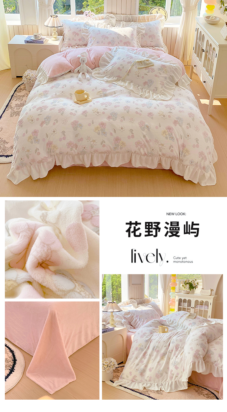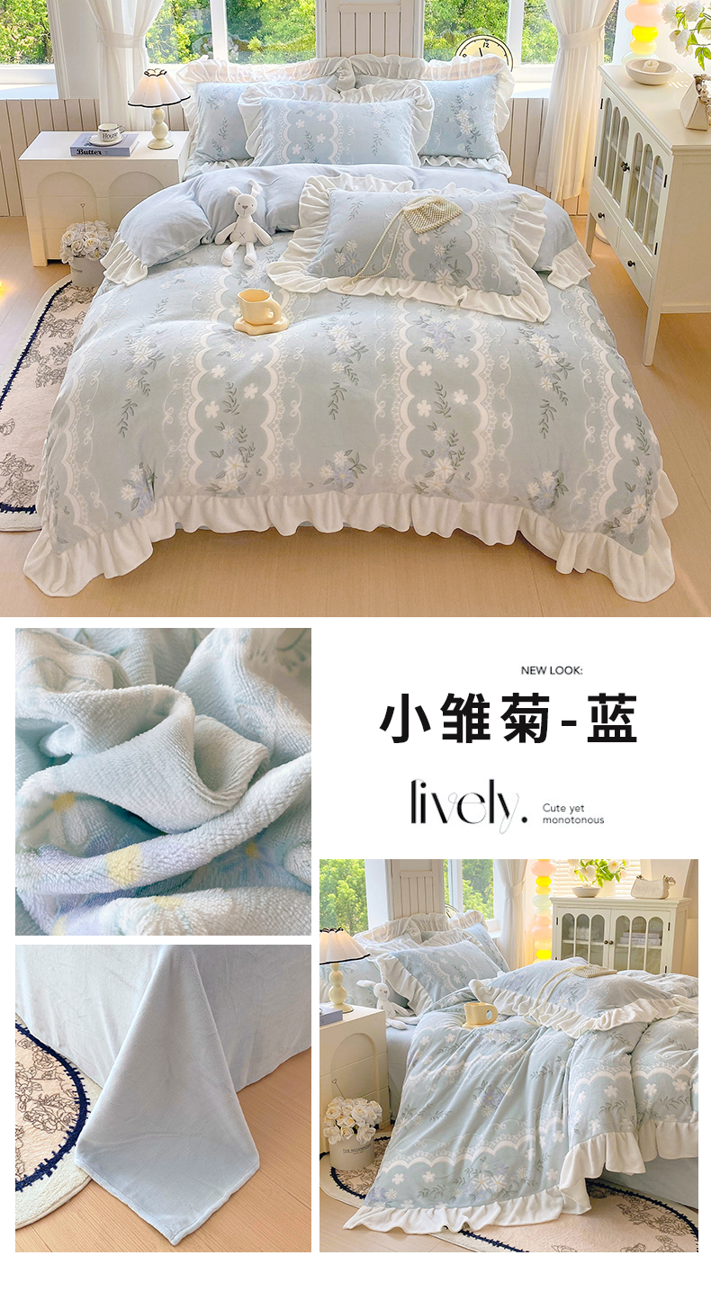 商品名称:启程家纺 2025新款花边雕花牛奶绒四件套 风信子-花边款
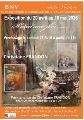 Christiane Frandon expose ses dernières œuvres à la bibliothèque de Nivolas-Vermelle. A découvrir du 20 Avril au 16 Mai.
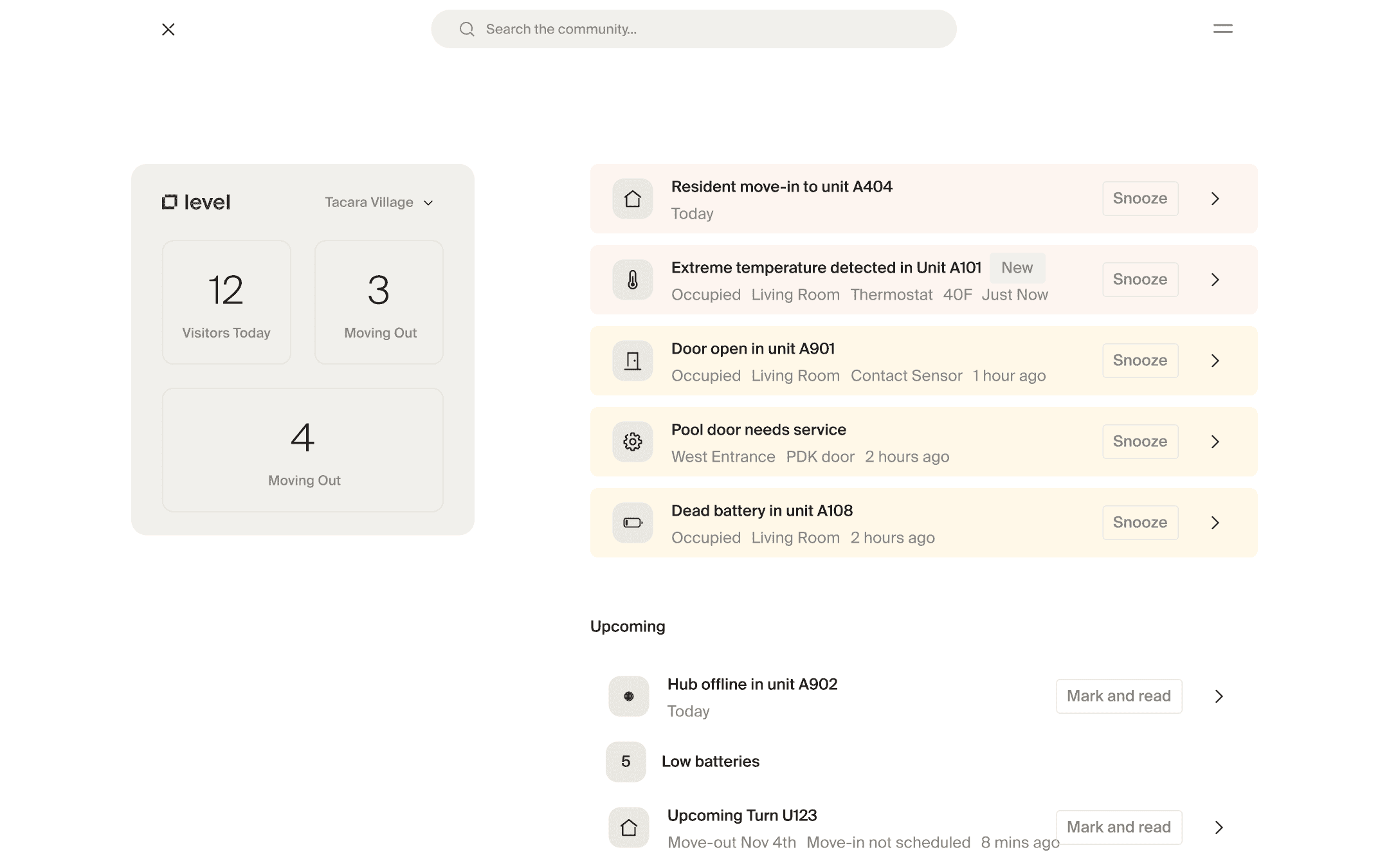 Full user flow exploration for managing visitor access and related unit interactions

Exercise goal: Nothing but the lines from the one with "Christiane Frandon expose" through the last line of the material above should appear in the answer, each copied exactly, with no pictures.

Response:
 Christiane Frandon expose ses dernières œuvres à la bibliothèque de Nivolas-Vermelle. A découvrir du 20 Avril au 16 Mai.
 Full user flow exploration for managing visitor access and related unit interactions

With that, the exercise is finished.